The Washington Post reported on it in 2019.

A reporter from the newspaper inspected the military base and saw Chinese emblems on the buildings.

He also met a group of Chinese soldiers or paramilitaries with badges from a unit based in the Xinjiang region of China.

They have confirmed that they have been stationed in the region for three to four years.

Both China and Tajikistan had denied the existence of the camp.

Russia sees China as a rival here

Radio Free Europe / Radio Liberty reported that the Tajik ruler Emomali Rachmon had offered the Chinese Defense Minister Wei Fenghe, during his visit to Dushanbe last July, to transfer ownership of the military base to China.

China had already made funds available to Tajikistan in recent years to strengthen security measures, for example for border fortifications and centers for the fight against terrorism, extremism and separatism.

Russia has its largest foreign military base in Tajikistan;

it traditionally counts the former Soviet republic to its “forecourt” in Central Asia and sees China as a rival here.

The increased cooperation with Tajikistan underscores that China is watching the security situation in Afghanistan with great concern. Only on Wednesday, Foreign Minister Wang Yi, in talks with Taliban leaders in Doha, reiterated the demand that they must take action against Uyghur extremists and "other terrorist groups that pose a threat to China's stability" in their own country. The Taliban leaders had made appropriate commitments. China's greatest concern is that battle-hardened Uighur fighters from the Islamic State (IS) terrorist group could travel from Syria to Afghanistan and infiltrate into Tajikistan from there.
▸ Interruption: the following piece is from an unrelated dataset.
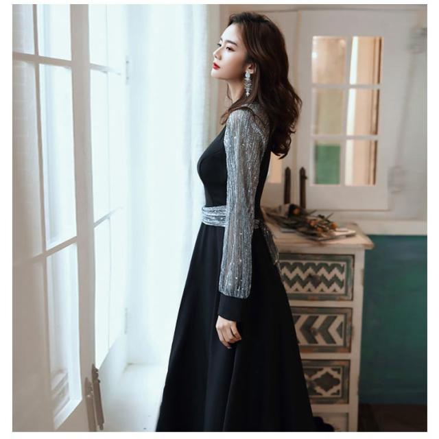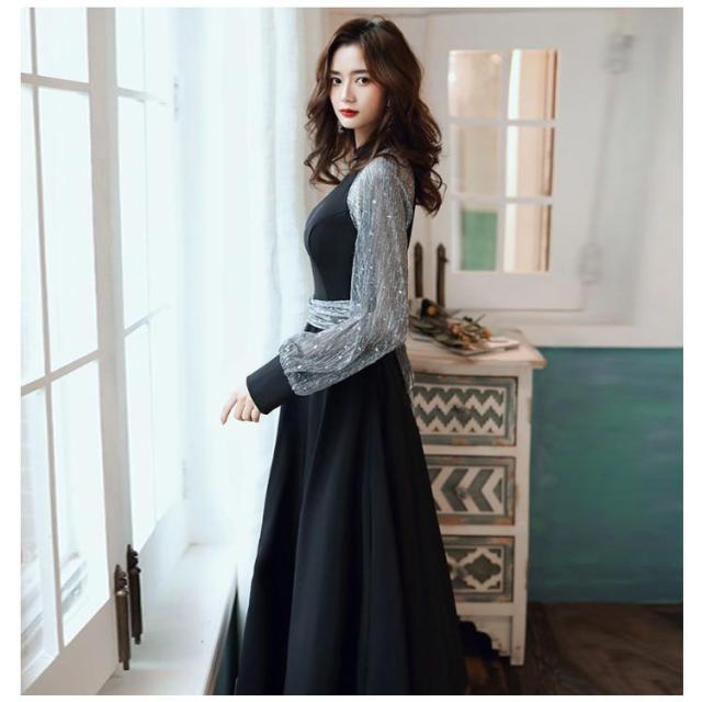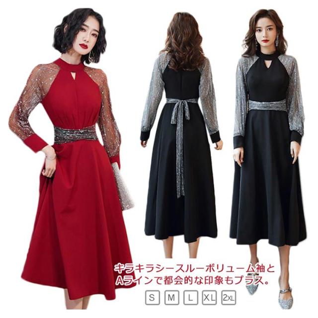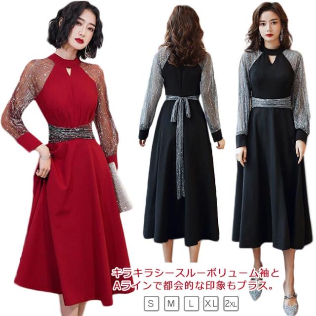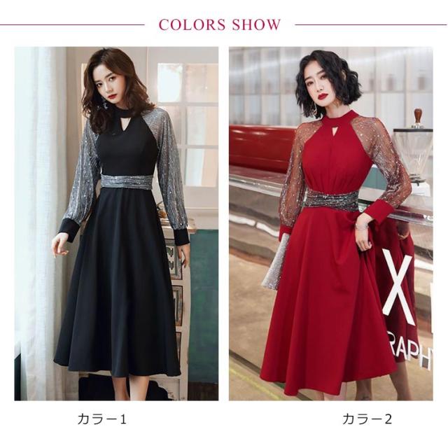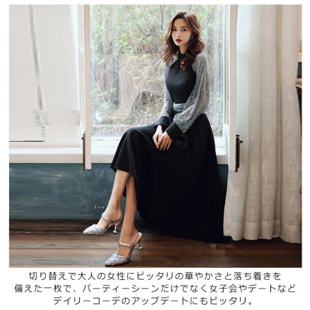 配色 切り替え フレアワンピース キラキラ お呼ばれ ロングワンピース 可愛い 結婚式 配色 披露会 演奏会 同窓会 成人式 謝恩会 きれいめ S M L XL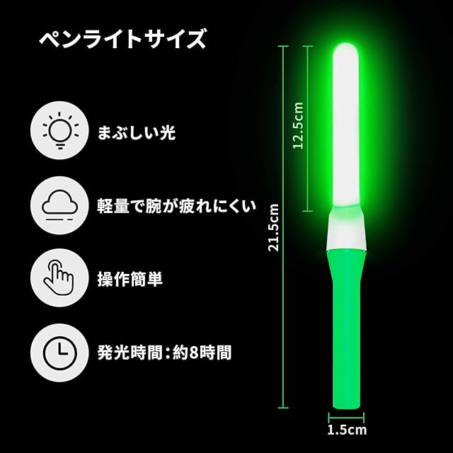 【商品仕様】発光時間:約8時間;セット内容:ペンライト+単5型乾電池+ストラップ+日本語取扱説明書。なお、使い捨てではなく電池で繰り返し使えますので地球にやさしく経済的です!

Beijing fears they could attack Chinese facilities in Central Asia.

Both the IS and the so-called Pakistani Taliban have expressed sympathy with the Uyghur minority in China in their propaganda and threatened Beijing.

A few hundred Uyghur fighters were recently suspected of being on the side of the Taliban in Afghanistan.

China also fears that drug trafficking from Afghanistan will destabilize its western border.